These agents also shift cardiac energy metabolism from glucose and fatty acid oxidation toward ketogenesis. Mild hyperketonemia promotes the use of β-hydroxybutyrate as an efficient myocardial fuel source, potentially improving cardiac efficiency and exerting antiarrhythmic effects through membrane potential stabilization.

Large-scale RCTs confirm the clinical relevance of these mechanisms. The DAPA-HF and EMPEROR-Reduced trials demonstrated that dapagliflozin and empagliflozin, respectively, significantly reduce HHF and cardiovascular mortality in patients with HFrEF, irrespective of T2DM status.[18][19] Both trials also reported reductions in all-cause mortality, underscoring the broad cardioprotective benefits of SGLT2 inhibitors.

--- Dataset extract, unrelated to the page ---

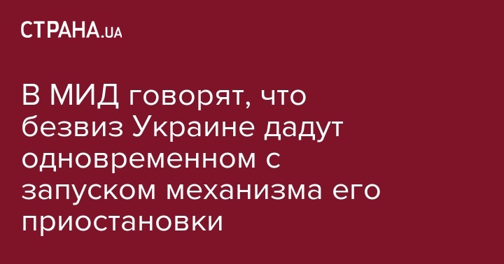 В МИД говорят, что безвиз Украине дадут одновременном с запуском механизма его приостановки

According to the “thrifty substrate” hypothesis, mild and persistent hyperketonemia induced by SGLT2 inhibitor therapy promotes the use of ketone bodies as an alternative myocardial fuel. β-hydroxybutyrate is actively transported into the heart via specific transporters, including the monocarboxylate transporter (MCT) system, where it undergoes oxidation in place of fatty acids and glucose.[20] SGLT2 inhibitor treatment decreases plasma glucose levels and increases glucagon production, thereby stimulating hepatic ketogenesis. Ketone bodies provide a more efficient energy substrate for the myocardium, potentially improving cardiac energetics and function. Furthermore, β-hydroxybutyrate exerts antiarrhythmic effects through stabilization of the myocardial cell membrane potential.[21]

Nephroprotective Effects

SGLT2 inhibitors exert nephroprotective effects primarily by increasing distal sodium delivery and inhibiting tubuloglomerular feedback, resulting in afferent vasoconstriction and reduced intraglomerular pressure. Lower intraglomerular pressure decreases albuminuria and slows CKD progression, as demonstrated in the CREDENCE, DAPA-CKD, and EMPA-KIDNEY trials. Inhibition of proximal glucose and sodium reabsorption also promotes natriuresis. SGLT2 inhibitors further decrease effective circulating volume, lower blood pressure, and induce modest weight loss. Beyond hemodynamic effects, these drugs attenuate inflammatory and fibrotic pathways, reduce kidney hypoxia, and influence mitochondrial metabolism in renal tissue.[22][23]

Pharmacokinetics

SGLT2 inhibitors are well absorbed from the gastrointestinal tract. The effect of food on pharmacokinetics is not statistically significant. Therefore, ertugliflozin, dapagliflozin, and empagliflozin may be administered with or without meals. However, administration before meals is recommended to mitigate postprandial plasma glucose elevation resulting from delayed intestinal glucose absorption.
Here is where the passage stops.